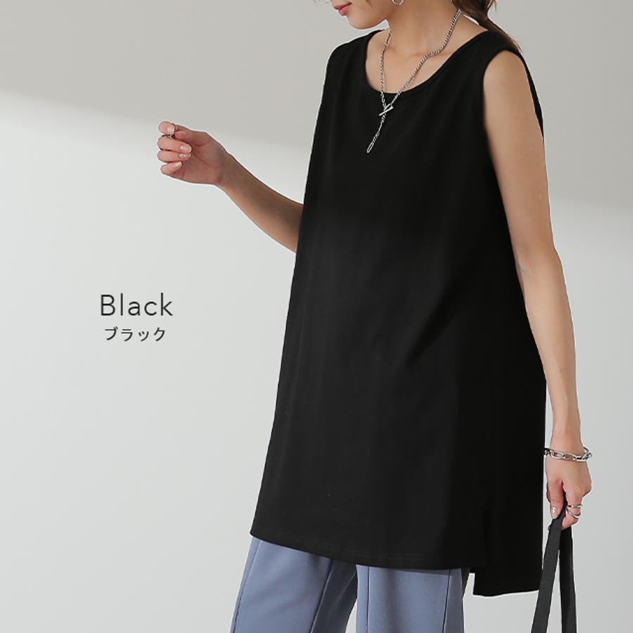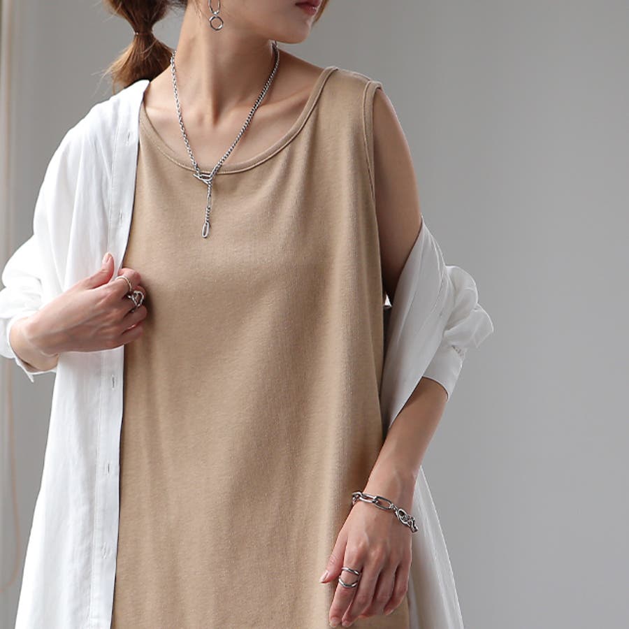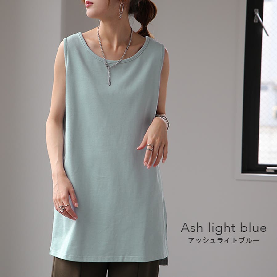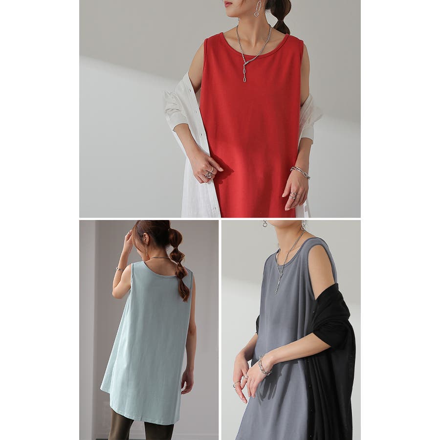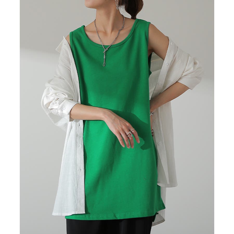 ほどよく厚みがあるチュニック丈の綿100%タンクトップです。
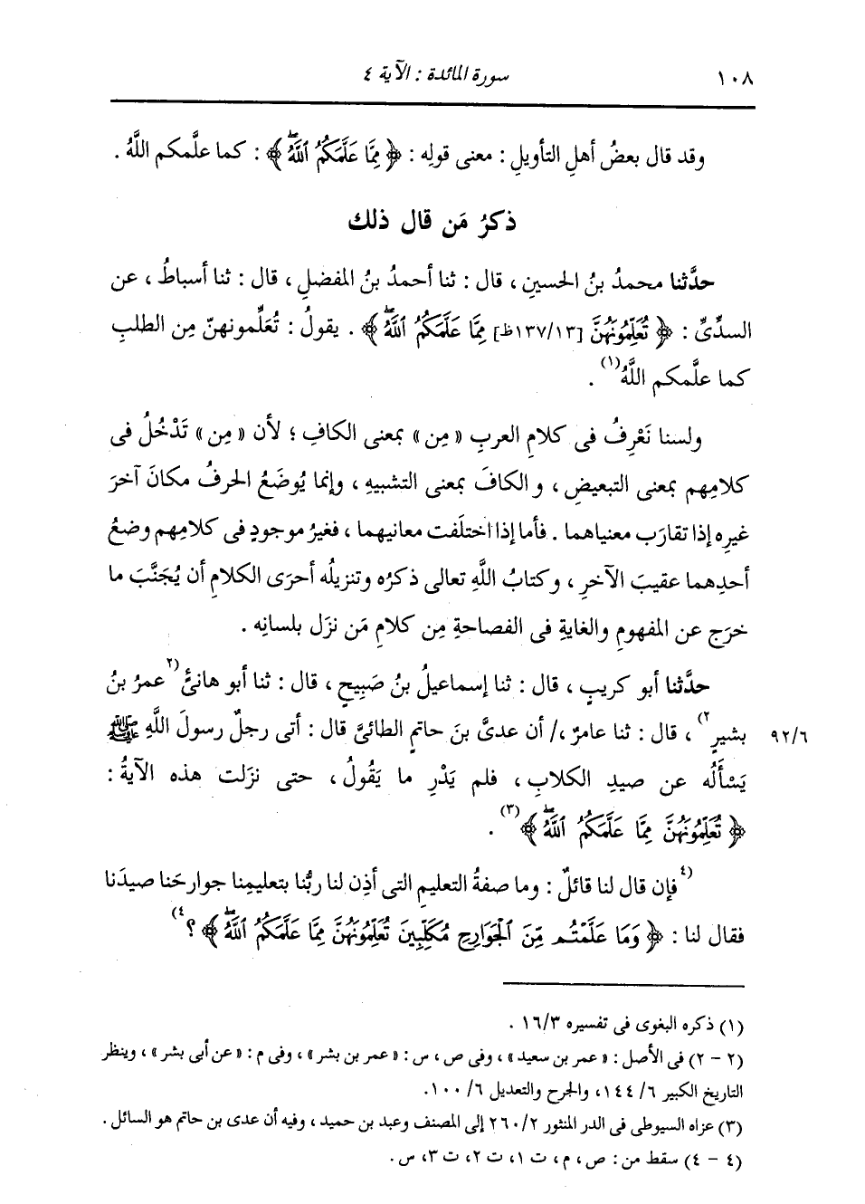 ذِكْرُ مَنْ قَالَ ذَلِكَ: حَدَّثَنَا مُحَمَّدُ بْنُ الْحُسَيْنِ , قَالَ: ثنا أَحْمَدُ بْنُ الْمُفَضَّلِ , قَالَ: ثنا أَسْبَاطٌ , عَنِ السُّدِّيِّ: {§تُعَلِّمُونَهُنَّ مِمَّا عَلَّمَكُمُ اللَّهُ} [المائدة: 4] يَقُولُ: «تُعَلِّمُونَهُنَّ مِنَ الطَّلَبِ كَمَا عَلَّمَكُمُ اللَّهُ» وَلَسْنَا نَعْرِفُ فِي كَلَامِ الْعَرَبِ مِنْ بِمَعْنَى الْكَافِ , لِأَنَّ مِنْ تَدْخُلُ فِي كَلَامِهِمْ بِمَعْنَى التَّبْعِيضِ , وَالْكَافُ بِمَعْنَى التَّشْبِيهِ. وَإِنَّمَا يُوضَعُ الْحَرْفُ مَكَانَ آخَرَ غَيْرِهِ إِذَا تَقَارَبَ مَعْنَيَاهُمَا , فَأَمَّا إِذَا اخْتَلَفَتْ مَعَانِيهُمَا فَغَيْرُ مَوْجُودٍ فِي كَلَامِهِمْ وَضْعُ أَحَدِهِمَا عُقَيْبَ الْآخَرَ , وَكِتَابُ اللَّهِ وَتَنْزِيلُهُ أَحْرَى الْكَلَامِ أَنْ يُجَنَّبَ مَا خَرَجَ عَنِ الْمَفْهُومِ وَالْغَايَةِ فِي الْفَصَاحَةِ مِنْ كَلَامِ مَنْ نَزَلِ بِلِسَانِهِ
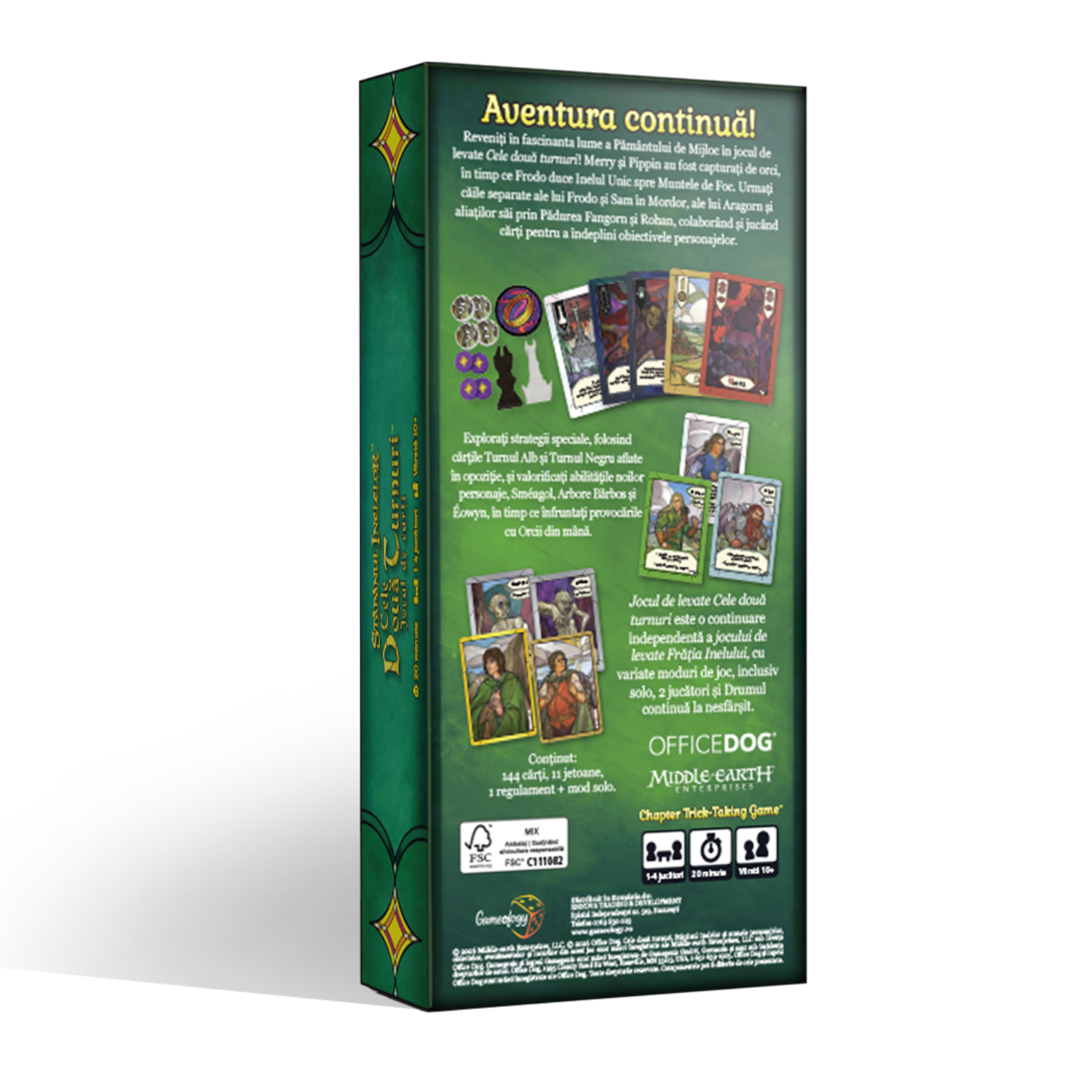 In Stapanul Inelelor - Cele Doua Turnuri (RO), fiecare capitol functioneaza ca un scenariu distinct, cu personaje, reguli speciale si conditii clare de victorie. Jocul foloseste sistemul clasic de levate, reinterpretat intr-o forma moderna si cooperativa, unde comunicarea este limitata, iar coordonarea echipei este esentiala. Deciziile luate la momentul potrivit, gestionarea cartilor speciale si intelegerea rolului fiecarui personaj fac diferenta dintre succes si esec.
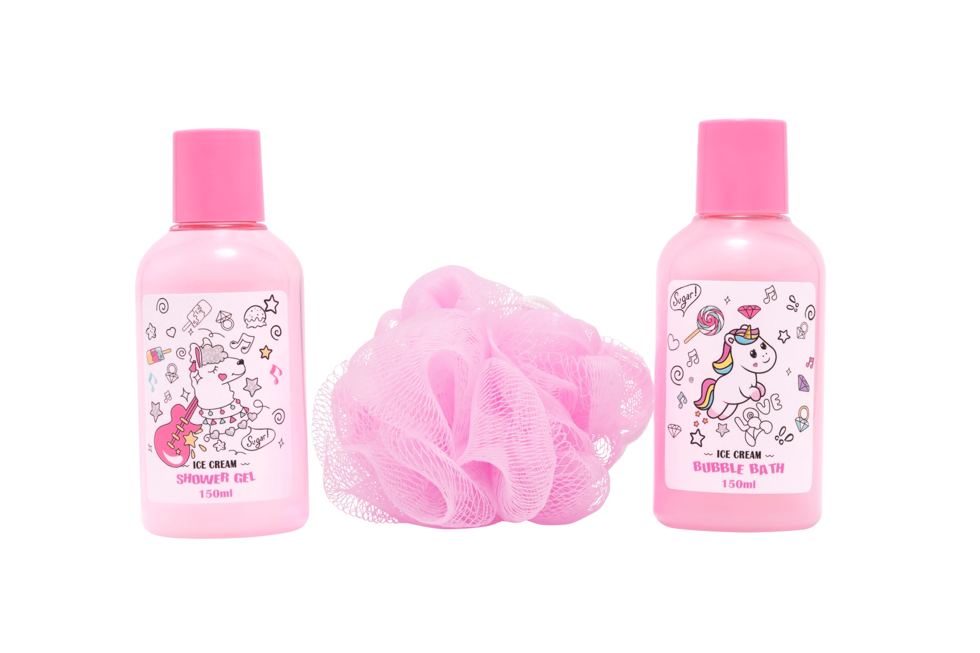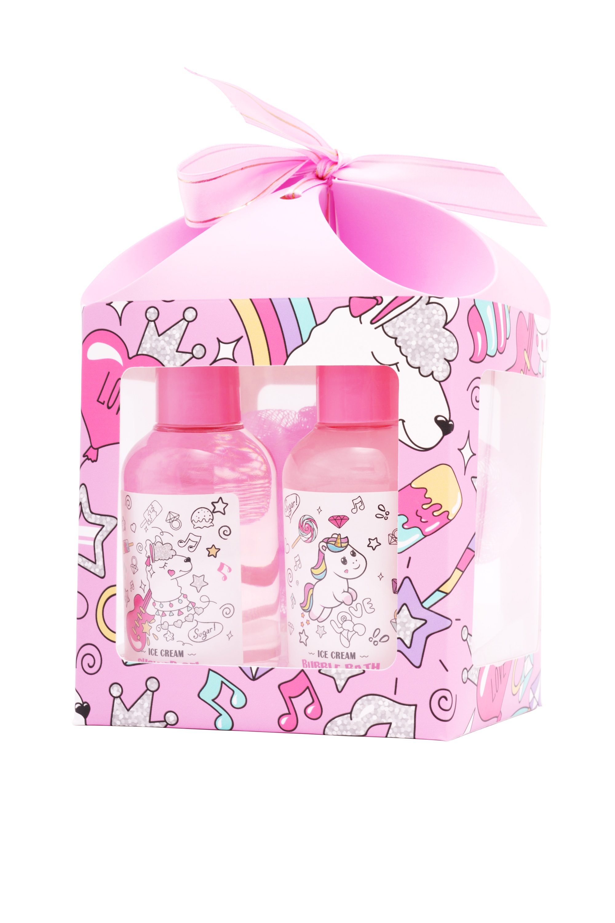 Lahjapakkaus, joka sisältää Suihkugeelin 150ml, kylpyvaahdon 150 ml sekä pesusienen.
■ ■ ■ ■ ■
▶ _EXERCISE AIM_: Please restate the whole listing exactly, without any of its pictures.

▶ _REPLY_:
 ほどよく厚みがあるチュニック丈の綿100%タンクトップです。
 ذِكْرُ مَنْ قَالَ ذَلِكَ: حَدَّثَنَا مُحَمَّدُ بْنُ الْحُسَيْنِ , قَالَ: ثنا أَحْمَدُ بْنُ الْمُفَضَّلِ , قَالَ: ثنا أَسْبَاطٌ , عَنِ السُّدِّيِّ: {§تُعَلِّمُونَهُنَّ مِمَّا عَلَّمَكُمُ اللَّهُ} [المائدة: 4] يَقُولُ: «تُعَلِّمُونَهُنَّ مِنَ الطَّلَبِ كَمَا عَلَّمَكُمُ اللَّهُ» وَلَسْنَا نَعْرِفُ فِي كَلَامِ الْعَرَبِ مِنْ بِمَعْنَى الْكَافِ , لِأَنَّ مِنْ تَدْخُلُ فِي كَلَامِهِمْ بِمَعْنَى التَّبْعِيضِ , وَالْكَافُ بِمَعْنَى التَّشْبِيهِ. وَإِنَّمَا يُوضَعُ الْحَرْفُ مَكَانَ آخَرَ غَيْرِهِ إِذَا تَقَارَبَ مَعْنَيَاهُمَا , فَأَمَّا إِذَا اخْتَلَفَتْ مَعَانِيهُمَا فَغَيْرُ مَوْجُودٍ فِي كَلَامِهِمْ وَضْعُ أَحَدِهِمَا عُقَيْبَ الْآخَرَ , وَكِتَابُ اللَّهِ وَتَنْزِيلُهُ أَحْرَى الْكَلَامِ أَنْ يُجَنَّبَ مَا خَرَجَ عَنِ الْمَفْهُومِ وَالْغَايَةِ فِي الْفَصَاحَةِ مِنْ كَلَامِ مَنْ نَزَلِ بِلِسَانِهِ
 In Stapanul Inelelor - Cele Doua Turnuri (RO), fiecare capitol functioneaza ca un scenariu distinct, cu personaje, reguli speciale si conditii clare de victorie. Jocul foloseste sistemul clasic de levate, reinterpretat intr-o forma moderna si cooperativa, unde comunicarea este limitata, iar coordonarea echipei este esentiala. Deciziile luate la momentul potrivit, gestionarea cartilor speciale si intelegerea rolului fiecarui personaj fac diferenta dintre succes si esec.
 Lahjapakkaus, joka sisältää Suihkugeelin 150ml, kylpyvaahdon 150 ml sekä pesusienen.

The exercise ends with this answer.